◆ STORED DATA ◆
* * * * * * *

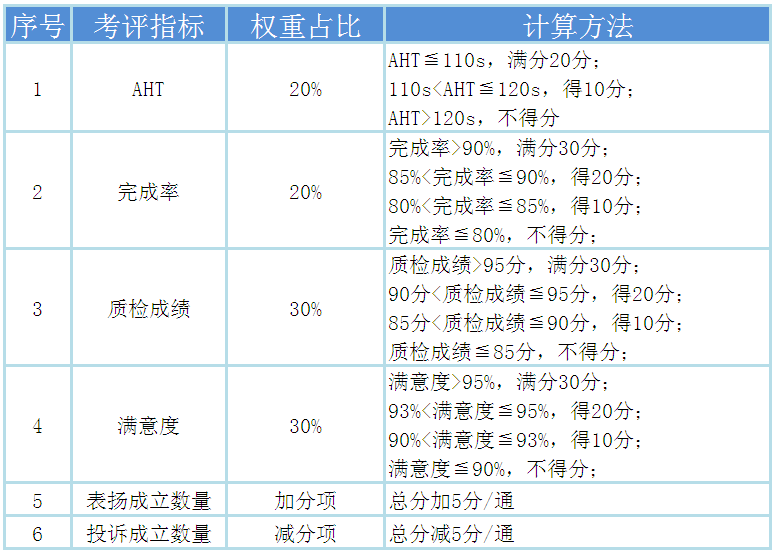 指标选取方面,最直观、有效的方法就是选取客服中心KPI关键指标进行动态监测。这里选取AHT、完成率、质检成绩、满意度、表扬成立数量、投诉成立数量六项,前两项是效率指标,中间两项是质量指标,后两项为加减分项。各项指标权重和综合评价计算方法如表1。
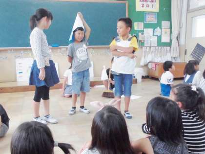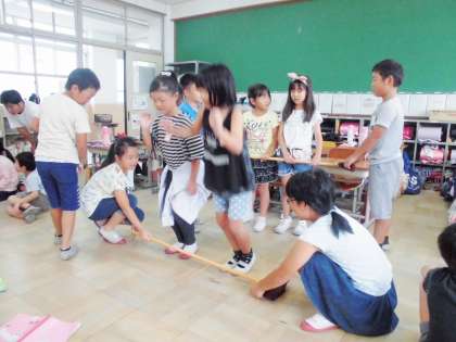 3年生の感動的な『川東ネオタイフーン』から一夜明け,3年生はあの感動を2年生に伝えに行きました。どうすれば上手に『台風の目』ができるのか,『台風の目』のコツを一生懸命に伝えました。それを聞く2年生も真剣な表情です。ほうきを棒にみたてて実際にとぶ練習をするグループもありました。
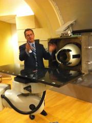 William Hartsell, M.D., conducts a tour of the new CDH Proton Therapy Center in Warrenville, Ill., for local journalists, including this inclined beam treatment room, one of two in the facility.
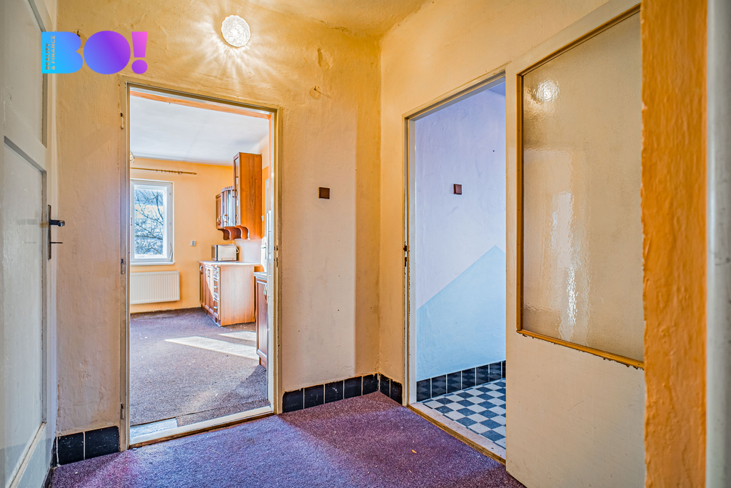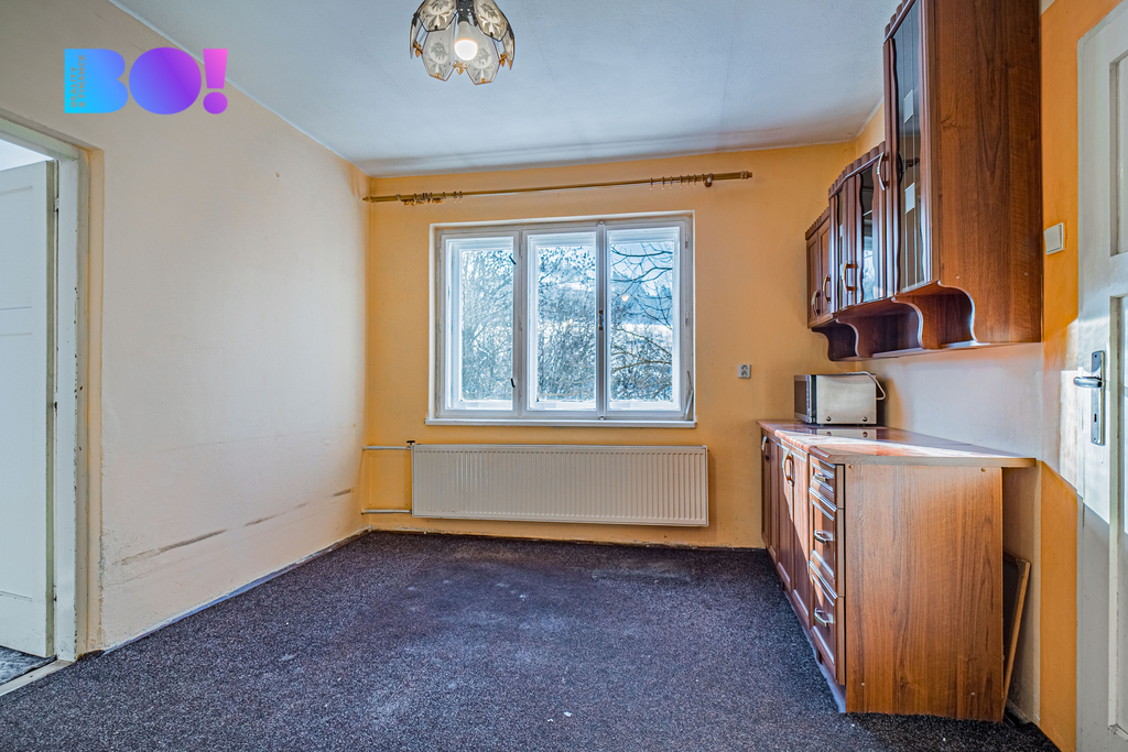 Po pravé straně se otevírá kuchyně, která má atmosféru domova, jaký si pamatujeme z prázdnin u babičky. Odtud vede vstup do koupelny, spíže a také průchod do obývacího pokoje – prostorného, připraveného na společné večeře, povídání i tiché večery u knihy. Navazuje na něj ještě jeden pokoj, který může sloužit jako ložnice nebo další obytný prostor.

* * * * * * *

◆ TASK GOAL ◆
Exactly reproduce the run of lines from the start of the listing through the line with "William Hartsell, M.D., conducts", inclusive; pictures are not copied.

◆ RESPONSE TO THIS TASK ◆
 指标选取方面,最直观、有效的方法就是选取客服中心KPI关键指标进行动态监测。这里选取AHT、完成率、质检成绩、满意度、表扬成立数量、投诉成立数量六项,前两项是效率指标,中间两项是质量指标,后两项为加减分项。各项指标权重和综合评价计算方法如表1。
 3年生の感動的な『川東ネオタイフーン』から一夜明け,3年生はあの感動を2年生に伝えに行きました。どうすれば上手に『台風の目』ができるのか,『台風の目』のコツを一生懸命に伝えました。それを聞く2年生も真剣な表情です。ほうきを棒にみたてて実際にとぶ練習をするグループもありました。
 William Hartsell, M.D., conducts a tour of the new CDH Proton Therapy Center in Warrenville, Ill., for local journalists, including this inclined beam treatment room, one of two in the facility.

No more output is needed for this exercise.